# 04_data_analysis_visualization.ipynb

Welcome to Step 4! In this notebook, we will learn to analyze and visualize data using the powerful **pandas** library and **matplotlib**.

This will prepare your AI to work with real-world data, extract insights, and present results visually.

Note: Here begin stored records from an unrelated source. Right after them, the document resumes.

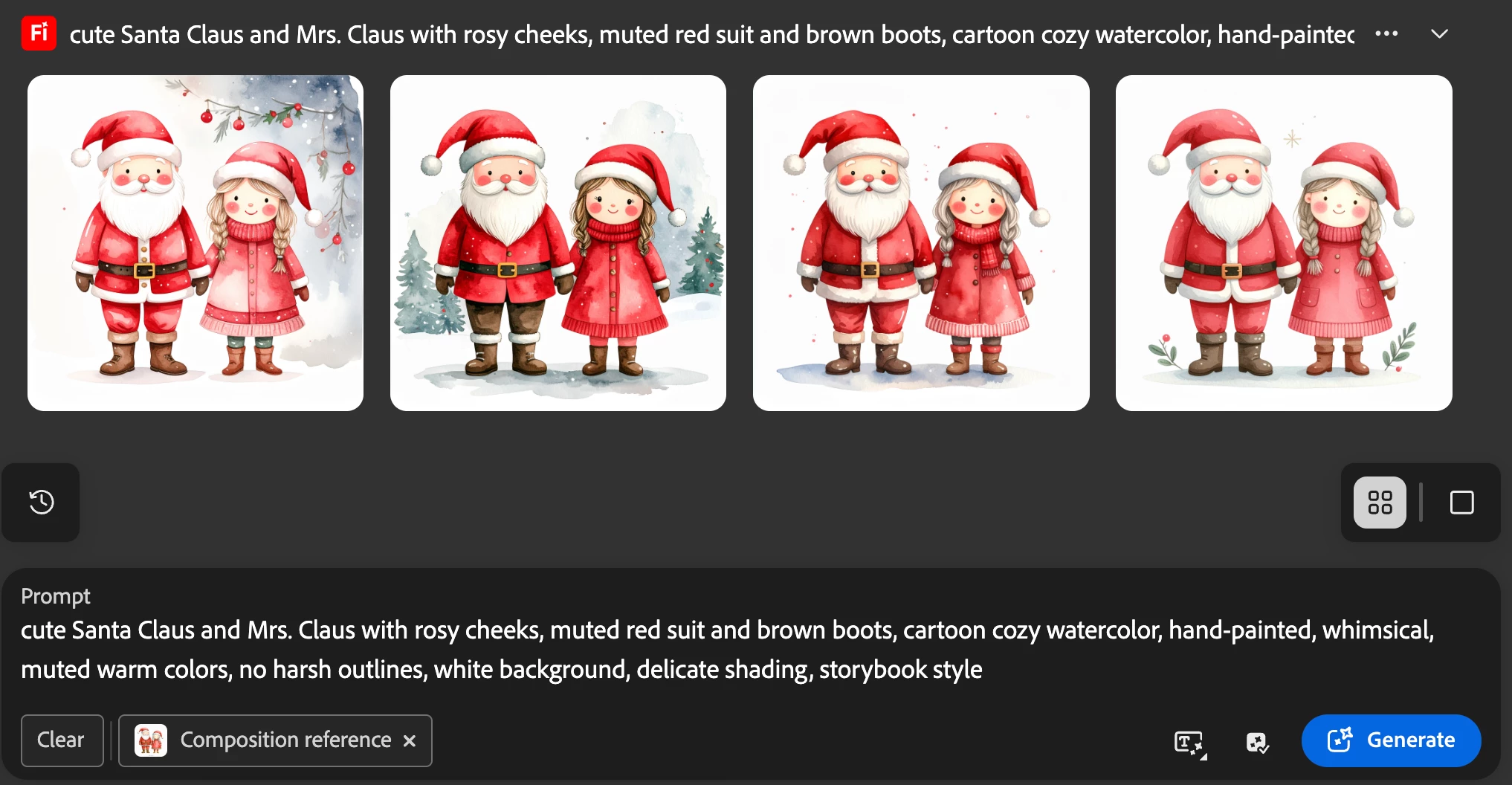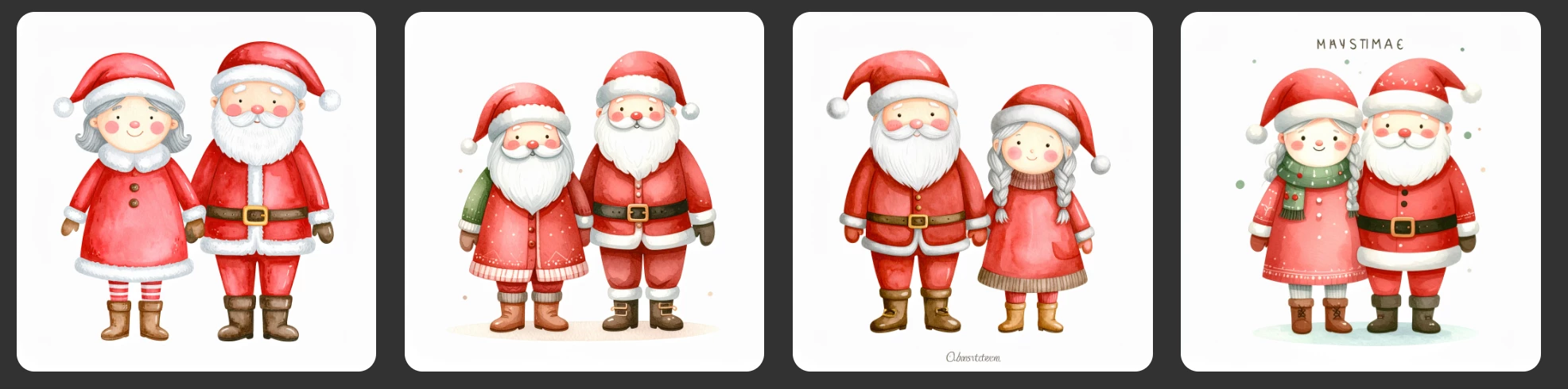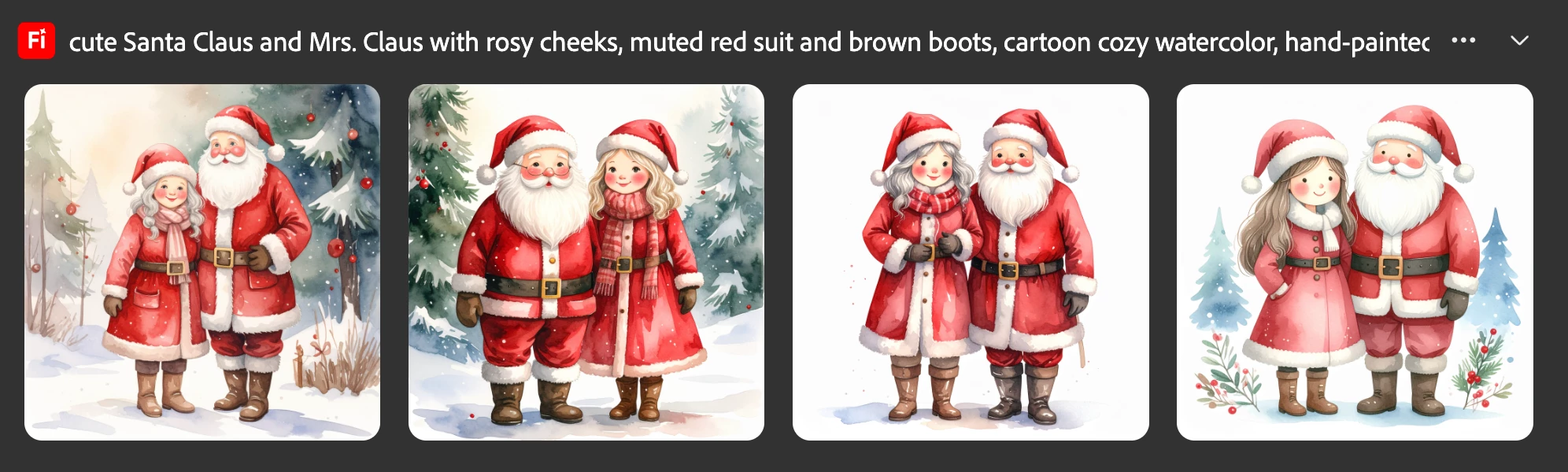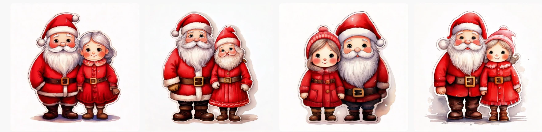 Cute Santa Claus and Mrs. Claus with rosy cheeks, muted red suit and brown boots, cartoon cozy watercolor, hand-painted, whimsical, muted warm colors, no harsh outlines, white background, delicate shading, storybook style.
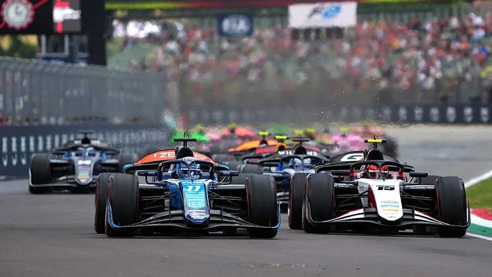 Initialement, Jack Crawford (DAMS) devait s’élancer en pole position de la course sprint d’Imola. Mais avec le déclassement de Maini (DAMS), c’est Miyata (ART GP) qui héritait de cette place préférentielle. L’Américain retrouvait cependant son bien en débordant le Japonais avant le premier virage, avec dans leur sillage Lindblad (Campos), bien parti, Browning (Hitech), Martins (ART GP), lui aussi auteur d’un bel envol, Dunne (Rodin), Fornaroli (Invicta) et Beganovic (Hitech). Le Suédois ne restait pas longtemps en 8e position débordé par un excellent Durksen (Aix GP), revenu de la 14e place.
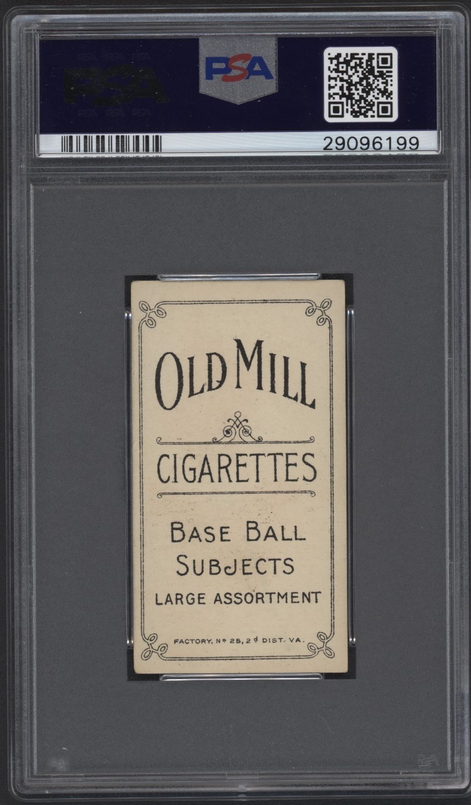 From the Charles Bray collection.  T206 Old Mill Cigarettes Fred Snodgrass.  Graded by PSA EX 5.  Very nice.
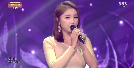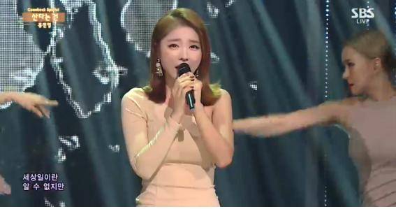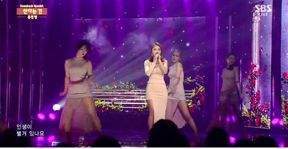 홍진영은 2일 오후 방송된 SBS '인기가요'에서 신곡 '산다는 건'으로 매혹적인 무대를 꾸몄다. 스킨톤 치마를 입고 나온 홍진영은 단정한 헤어스타일과 어우러지면서 청순한 매력을 발산했다.

## Installing required packages

First, make sure pandas and matplotlib are installed:

```bash
!pip install pandas matplotlib
```

Run this cell if you haven't installed them yet.

In [None]:
!pip install pandas matplotlib

## Importing libraries

Import pandas for data analysis and matplotlib.pyplot for plotting.

In [None]:
import pandas as pd
import matplotlib.pyplot as plt

## Loading CSV data into a DataFrame

Use the CSV file from the previous step or any CSV file you have.

In [None]:
# Loading people.csv from step 3
df = pd.read_csv('people.csv')
df

## Basic data exploration

- View top rows
- Get summary statistics
- Check data types

In [None]:
print(df.head())  # First 5 rows
print(df.describe())  # Summary statistics
print(df.dtypes)  # Data types

## Filtering data

Get rows where Age > 28

In [None]:
filtered = df[df['Age'] > 28]
filtered

## Simple plotting

Plot Age distribution as a bar chart.

In [None]:
plt.bar(df['Name'], df['Age'])
plt.title('Age Distribution')
plt.xlabel('Name')
plt.ylabel('Age')
plt.show()

## Exercise for your AI lab partner

1. Load a CSV file with numerical and categorical data.
2. Calculate mean, median, and standard deviation for numeric columns.
3. Filter data based on conditions (e.g., Role == 'Engineer').
4. Create at least two types of plots (bar chart, line chart, scatter plot).
5. Save a plot as an image file.

Practice data wrangling and visualization interactively.

## Summary

- Pandas simplifies tabular data manipulation.
- Matplotlib enables powerful visualizations.
- Combining them prepares your AI for insightful data work.

Next, we can explore databases, web scraping, or automation!